Kethvae Chovas was not one for illusion, which was a damned unfortunate personality trait, considering his foremost mission in life for the last…long damned time…had been the perpetuation of an illusion. The illusion that the Interstellar Watch was still worth something, which, to be honest, it wasn’t.
Keeping nosy folks out of the former Ascended Supremacy systems was the only thing that the Watch did with any completeness, and then only because, what, ninety five percent of the old-timers had taken it up as their sacred task? Standing Watch over what had been…seemed like a waste of goddamn time to him.
Plus he ‘owned’ a quarter of those dead systems, which was kinda like saying he was a born-again deity – it was impressive-sounding, but equated to nothing whatsoever. The Watch kept people out for their own good, because they at least deserved a warning before they got blasted out of existence by the AscSup system defenses, efficient as ever.
He slumped into the command couch, though whether or not the damned thing even functioned was anyone’s guess – it wouldn’t surprise him if She had disabled the dang thing, just in case he got uppity. There was no question in their relationship as to who was in charge, and that was him, empathically and entirely. He was Captain. That was that.

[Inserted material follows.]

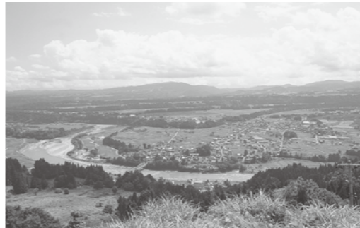
重要な観光資源、9段にも及ぶ日本一の河岸段丘

問 津南には夏祭り・雪祭りがあるが、観光との位置づけはあいまいであり少予算である。今後のあり方は。 町長 各イベントの考え方として夏は町民主体、冬は県外の誘客を図る中で、広く内外の皆様と一緒に楽しんでいただき、予算上げではなく、素晴らしい企画を提案いただきたい。 問 柏崎刈羽原発再稼働に対する町長の本意を伺う。 町長 脱原発の思いは国民意識の大きな流れであり、国勢の根幹に係ることである。安全が確保され、点検実証が明らかにされた場合は、国の原発政策のあり方として短期的には必要なのかと考えている。

But She was also an insubordinate little bundle of circuitry, and generally expected him to give the orders that She though he ought to give. It seemed to be common in Her generation of patrolcraft – several other Captains of his vintage were faced with similar situations. Unfortunately, even if he was willing to let Her be wiped – which he wasn’t – the Watch no longer had the capability to perform that sort of procedure. Or, rather, they could wipe Her, but all they’d manage was breaking the ship – they couldn’t replace Her, they couldn’t fix Her, so he had to live with Her…
He put his feet up.
”Put your feet down, Kethvae. This isn’t your Mother’s house.”
He snarled, “My Mother, Pancreator rest her soul, never let me put my feet up on anything. You know this. You know my life better than I do, you electronic monstrosity.”
Thinking about his mother made him sick to his stomach. He missed her – missed his family, missed his home, missed being able to talk freely with someone who wasn’t analyzing his every sentence for potential instability or unrest, missed having peers.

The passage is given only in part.